In terms of further performance gains, you can attain them by moving to a hardware platform like GPUs. For example, using CUDA's FFT library you can compute 2D FFT's in a fraction of the time it takes on a CPU. The key point is, that the FFT method will scale as you throw more hardware to do the computation, while the brute force method will scale much worse.


While implementing this, I have observed that almost every time, the best_x,bext_y values are one of floor(n/2)+-1. This means that most likely the distance term dominates the entire computation, therefore, you could get away with computing the value of total_dist for only 4 values, making this algorithm trivial!

Respondido 03 Jul 12, 19:07

Nice! Although, wouldn't it be O(n m log(n m)) instead, from the 2D FFT used to do the convolutions? - tormenta venidera

In 2D, you need to compute an FFT along each dimension hence the n log(n) y m log(m) terms multiplied together (see…). If m = n then it becomes O( n^2 log(n)^2) = O ( 2 n^2 log(n) ) = O ( n^2 log(n) ) - lperro

What is the operator here: R = F o W ? Is this matrix multiplication? I have not heard of filtering in this context.
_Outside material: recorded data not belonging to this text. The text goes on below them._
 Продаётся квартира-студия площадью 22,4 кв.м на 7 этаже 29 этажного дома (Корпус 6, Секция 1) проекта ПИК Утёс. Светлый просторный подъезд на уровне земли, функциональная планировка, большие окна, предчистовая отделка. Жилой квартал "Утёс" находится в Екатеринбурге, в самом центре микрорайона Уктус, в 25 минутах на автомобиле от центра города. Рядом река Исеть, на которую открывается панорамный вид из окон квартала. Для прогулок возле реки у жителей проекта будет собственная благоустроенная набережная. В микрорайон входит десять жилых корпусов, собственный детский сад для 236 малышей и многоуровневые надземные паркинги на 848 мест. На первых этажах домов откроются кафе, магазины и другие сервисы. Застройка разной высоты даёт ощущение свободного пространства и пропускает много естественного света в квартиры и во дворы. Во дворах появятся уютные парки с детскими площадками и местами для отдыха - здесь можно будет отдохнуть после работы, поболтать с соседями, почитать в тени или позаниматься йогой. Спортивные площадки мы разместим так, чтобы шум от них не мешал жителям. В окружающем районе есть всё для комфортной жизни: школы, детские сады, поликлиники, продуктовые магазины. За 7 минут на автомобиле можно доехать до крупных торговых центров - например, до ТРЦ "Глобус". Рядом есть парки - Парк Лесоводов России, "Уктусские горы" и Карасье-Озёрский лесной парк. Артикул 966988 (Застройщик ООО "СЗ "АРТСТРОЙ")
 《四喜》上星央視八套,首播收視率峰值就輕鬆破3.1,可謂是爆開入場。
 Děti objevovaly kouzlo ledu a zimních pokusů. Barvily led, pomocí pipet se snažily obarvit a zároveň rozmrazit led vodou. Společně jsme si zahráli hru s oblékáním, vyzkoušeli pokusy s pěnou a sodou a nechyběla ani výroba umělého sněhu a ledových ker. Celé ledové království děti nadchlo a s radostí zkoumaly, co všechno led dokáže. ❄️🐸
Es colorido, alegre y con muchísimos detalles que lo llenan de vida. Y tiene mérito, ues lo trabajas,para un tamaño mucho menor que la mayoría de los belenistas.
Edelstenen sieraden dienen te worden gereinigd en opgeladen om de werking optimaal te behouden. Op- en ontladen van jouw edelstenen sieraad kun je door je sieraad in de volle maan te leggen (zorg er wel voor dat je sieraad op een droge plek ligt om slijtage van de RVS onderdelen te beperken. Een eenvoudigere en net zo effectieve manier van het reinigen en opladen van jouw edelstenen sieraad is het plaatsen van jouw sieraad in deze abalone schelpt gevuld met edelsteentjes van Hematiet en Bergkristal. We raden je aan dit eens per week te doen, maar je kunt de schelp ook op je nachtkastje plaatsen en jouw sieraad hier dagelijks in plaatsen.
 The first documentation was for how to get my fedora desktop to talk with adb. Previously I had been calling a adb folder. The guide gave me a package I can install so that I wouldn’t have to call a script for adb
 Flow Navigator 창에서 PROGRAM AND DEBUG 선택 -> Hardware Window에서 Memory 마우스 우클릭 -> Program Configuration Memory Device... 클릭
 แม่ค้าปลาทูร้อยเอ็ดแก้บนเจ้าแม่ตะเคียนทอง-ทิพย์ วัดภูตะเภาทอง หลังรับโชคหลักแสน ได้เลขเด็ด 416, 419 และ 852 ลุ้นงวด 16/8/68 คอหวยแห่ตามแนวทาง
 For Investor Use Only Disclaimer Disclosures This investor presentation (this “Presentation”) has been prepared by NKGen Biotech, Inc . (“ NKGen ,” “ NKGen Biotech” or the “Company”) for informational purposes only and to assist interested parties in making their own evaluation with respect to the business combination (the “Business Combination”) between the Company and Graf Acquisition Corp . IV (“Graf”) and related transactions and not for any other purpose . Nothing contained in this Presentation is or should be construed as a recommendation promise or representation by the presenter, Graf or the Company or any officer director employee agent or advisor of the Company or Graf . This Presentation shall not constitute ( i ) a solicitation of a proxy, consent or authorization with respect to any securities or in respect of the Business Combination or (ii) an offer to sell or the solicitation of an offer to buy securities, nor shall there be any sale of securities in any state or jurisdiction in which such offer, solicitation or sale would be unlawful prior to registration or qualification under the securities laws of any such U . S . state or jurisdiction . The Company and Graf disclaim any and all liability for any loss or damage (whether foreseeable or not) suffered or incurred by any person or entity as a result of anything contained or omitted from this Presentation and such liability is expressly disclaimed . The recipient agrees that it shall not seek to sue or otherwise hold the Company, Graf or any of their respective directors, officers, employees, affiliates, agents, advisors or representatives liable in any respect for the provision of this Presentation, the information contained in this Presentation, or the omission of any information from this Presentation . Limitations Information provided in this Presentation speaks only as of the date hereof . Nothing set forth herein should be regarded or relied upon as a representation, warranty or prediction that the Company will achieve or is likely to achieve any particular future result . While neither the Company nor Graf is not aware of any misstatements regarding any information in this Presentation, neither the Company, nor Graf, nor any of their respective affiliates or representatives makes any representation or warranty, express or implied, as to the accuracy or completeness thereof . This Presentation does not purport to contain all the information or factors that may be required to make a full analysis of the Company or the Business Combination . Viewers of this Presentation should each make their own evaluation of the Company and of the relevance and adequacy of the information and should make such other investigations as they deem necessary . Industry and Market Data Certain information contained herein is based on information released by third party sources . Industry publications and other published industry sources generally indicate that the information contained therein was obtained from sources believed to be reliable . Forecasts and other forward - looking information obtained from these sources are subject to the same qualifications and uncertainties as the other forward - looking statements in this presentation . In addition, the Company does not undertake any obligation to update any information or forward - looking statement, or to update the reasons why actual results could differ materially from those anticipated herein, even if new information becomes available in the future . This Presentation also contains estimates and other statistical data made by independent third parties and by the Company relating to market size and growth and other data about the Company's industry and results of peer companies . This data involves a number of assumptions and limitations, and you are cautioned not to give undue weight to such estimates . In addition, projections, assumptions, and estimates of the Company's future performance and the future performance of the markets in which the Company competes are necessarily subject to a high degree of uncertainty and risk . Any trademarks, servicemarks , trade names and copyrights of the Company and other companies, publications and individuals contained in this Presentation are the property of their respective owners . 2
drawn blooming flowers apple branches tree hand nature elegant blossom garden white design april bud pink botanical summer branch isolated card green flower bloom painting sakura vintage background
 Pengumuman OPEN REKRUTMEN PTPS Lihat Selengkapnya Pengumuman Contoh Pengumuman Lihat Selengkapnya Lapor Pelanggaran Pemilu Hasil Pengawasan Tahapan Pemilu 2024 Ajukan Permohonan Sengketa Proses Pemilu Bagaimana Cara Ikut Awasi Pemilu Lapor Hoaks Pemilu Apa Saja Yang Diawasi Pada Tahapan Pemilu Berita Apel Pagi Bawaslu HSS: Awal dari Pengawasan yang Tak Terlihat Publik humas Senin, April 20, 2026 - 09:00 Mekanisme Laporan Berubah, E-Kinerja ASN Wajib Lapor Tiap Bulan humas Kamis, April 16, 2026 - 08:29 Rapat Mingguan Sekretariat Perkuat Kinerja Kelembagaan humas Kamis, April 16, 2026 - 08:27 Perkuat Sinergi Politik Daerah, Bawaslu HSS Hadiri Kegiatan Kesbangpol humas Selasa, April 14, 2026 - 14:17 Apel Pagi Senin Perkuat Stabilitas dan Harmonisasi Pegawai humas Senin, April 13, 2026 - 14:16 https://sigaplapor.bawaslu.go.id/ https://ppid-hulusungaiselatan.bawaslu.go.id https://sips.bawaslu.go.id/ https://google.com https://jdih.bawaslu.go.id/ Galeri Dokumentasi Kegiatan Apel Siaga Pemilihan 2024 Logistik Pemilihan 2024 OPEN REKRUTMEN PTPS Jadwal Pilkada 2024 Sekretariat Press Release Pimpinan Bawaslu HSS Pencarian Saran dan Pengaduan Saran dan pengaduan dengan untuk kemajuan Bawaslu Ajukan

Can you provide a wikipedia reference to the technique? - Andrés Tomazos

@ldog: The FFT's along each dimension can be performed independently along each row and column. So, one set will take O(n m log m), and the other set will take O(m n log n), para un total de O(n m (log n + log m)) = O(n m log(n m)). - tormenta venidera

@AndrewTomazos-Fathomling -- it is circunvolución, and it is more commonly written with an asterisk: [F * W](x) = integral[y](F(x-y) W(y)) - tormenta venidera

No es la respuesta que estás buscando? Examinar otras preguntas etiquetadas or haz tu propia pregunta.